After first widening the circle of my observations by showing that one of the first four blastomeres is capable of performing a whole organogenesis, and that three of the first four blastomeres together result in an absolutely perfect organism, I went on to follow up separately one of the two fundamental problems which had been suggested by my first experiment: was there anything more to find out about the importance or unimportance of the single nuclear divisions in morphogenesis?[16]

By raising the temperature of the medium or by diluting the sea-water to a certain degree it proved at first to be possible to alter in a rather fundamental way the type of the cleavage-stages without any damage to the resulting organism. There may be no micromeres at the sixteen-cell stage, or they may appear as early as in the stage of eight cells; no matter, the larva is bound to be typical. So it certainly is not necessary for all the cleavages to occur just in their normal order.

But of greater importance for our purposes was what followed. I succeeded in pressing the eggs of Echinus between two glass plates, rather tightly, but without killing them; the eggs became deformed to comparatively flat plates of a large diameter. Now in these eggs all nuclear division occurred at right angles to the direction of pressure, that is to say, in the direction of the plates, as long as the pressure lasted; but the divisions began to occur at right angles to their former direction, as soon as the pressure ceased. By letting the pressure be at work for different times I therefore, of course, had it quite in my power to obtain cleavage types just as I wanted to get them. If, for instance, I kept the eggs under pressure until the eight-cell stage was complete, I got a plate of eight cells one beside the other, instead of two rings, of four cells each, one above the other, as in the normal case; but the next cell division occurred at right angles to the former ones, and a sixteen-cell stage, of two plates of eight cells each, one above the other, was the result. If the pressure continued until the sixteen-cell stage was reached, sixteen cells lay together in one plate, and two plates of sixteen cells each, one above the other, were the result of the next cleavage.

We are not, however, studying these things for cytological, but for morphogenetical purposes, and for these the cleavage phenomenon itself is less important than the organogenetic result of it: all our subjects resulted in absolutely normal organisms. Now, it is clear, that the spatial relations of the different nuclear divisions to each other are anything but normal, in the eggs subjected to the pressure experiments; that, so to say, every nucleus has got quite different neighbours if compared with the “normal” case. If that makes no difference, then there cannot exist any close relation between the single nuclear divisions and organogenesis at all, and the conclusion we have drawn more provisionally from the whole development of isolated blastomeres has been extended and proved in the most perfect manner. There ought to result a morphogenetic chaos according to the theory of real “evolutio” carried out by nuclear division, if the positions of the single nuclei were fundamentally changed with regard to one another (Fig. 6). But now there resulted not chaos, but the normal organisation: therefore it was disproved in the strictest way that nuclear divisions have any bearing on the origin of organisation; at least as far as the divisions during cleavage come into account.
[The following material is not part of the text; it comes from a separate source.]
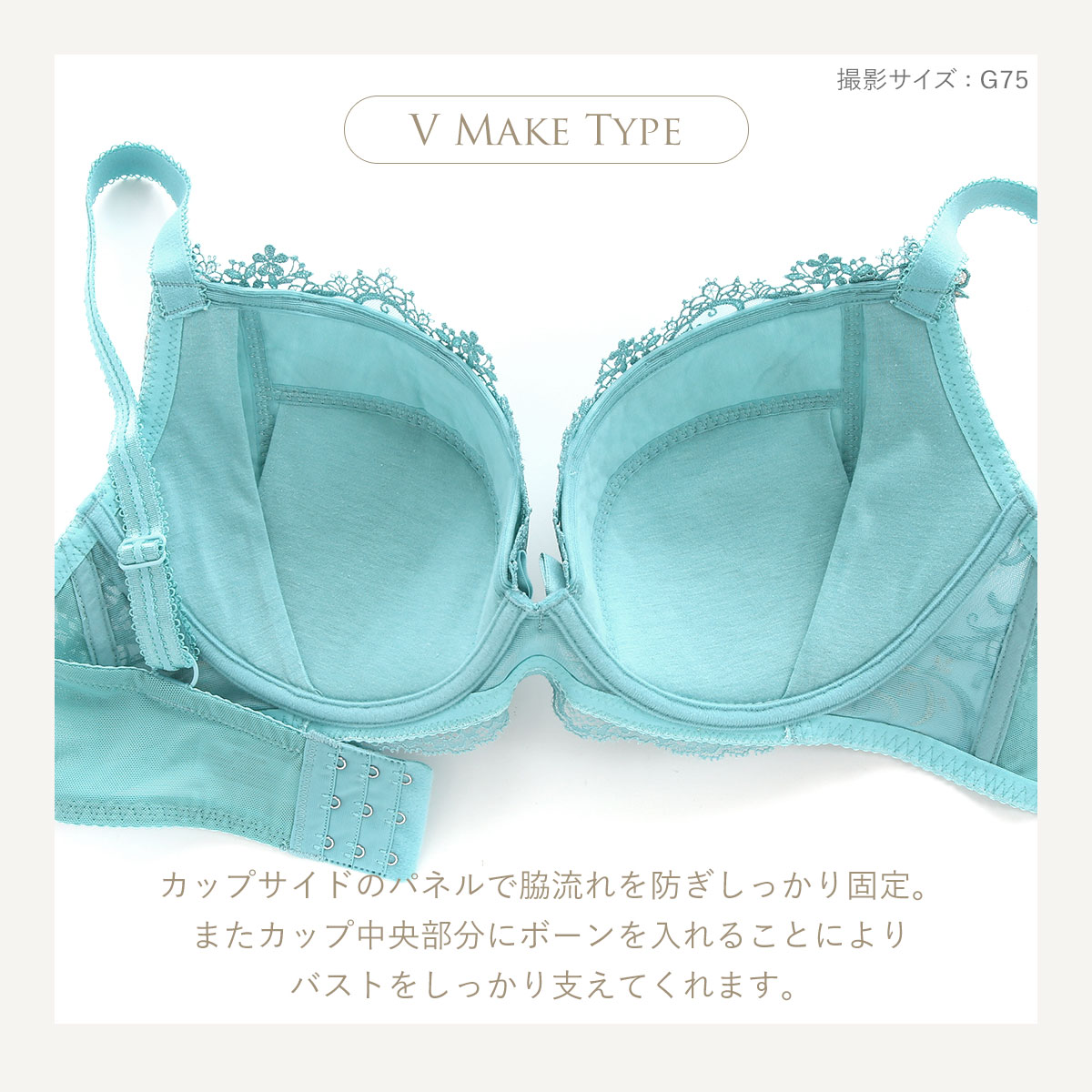 ボリュームのあるバストのためのグラマーブラ、V Make Type(浅型タイプ)です。カップサイドのパネルで脇流れを防ぎしっかり固定。また、カップ中央部分にボーンを入れることにより、バストをしっかり支えてくれます。パッドポケット付きなので、お手持ちのパッドでボリュームを調整できます。ホックは3段3列なので安定感があります★

Fig. 6.—Pressure-experiments on Echinus.

On the egg of the frog (O. Hertwig), and on the egg of annelids (E. B. Wilson), my pressure experiments have been carried out with the same result.[17]

ON THE INTIMATE STRUCTURE OF THE PROTOPLASM OF THE GERM

Nuclear division, as we have seen, cannot be the basis of organogenesis, and all we know about the whole development of isolated blastomeres seems to show that there exists nothing responsible for differentiation in the protoplasm either.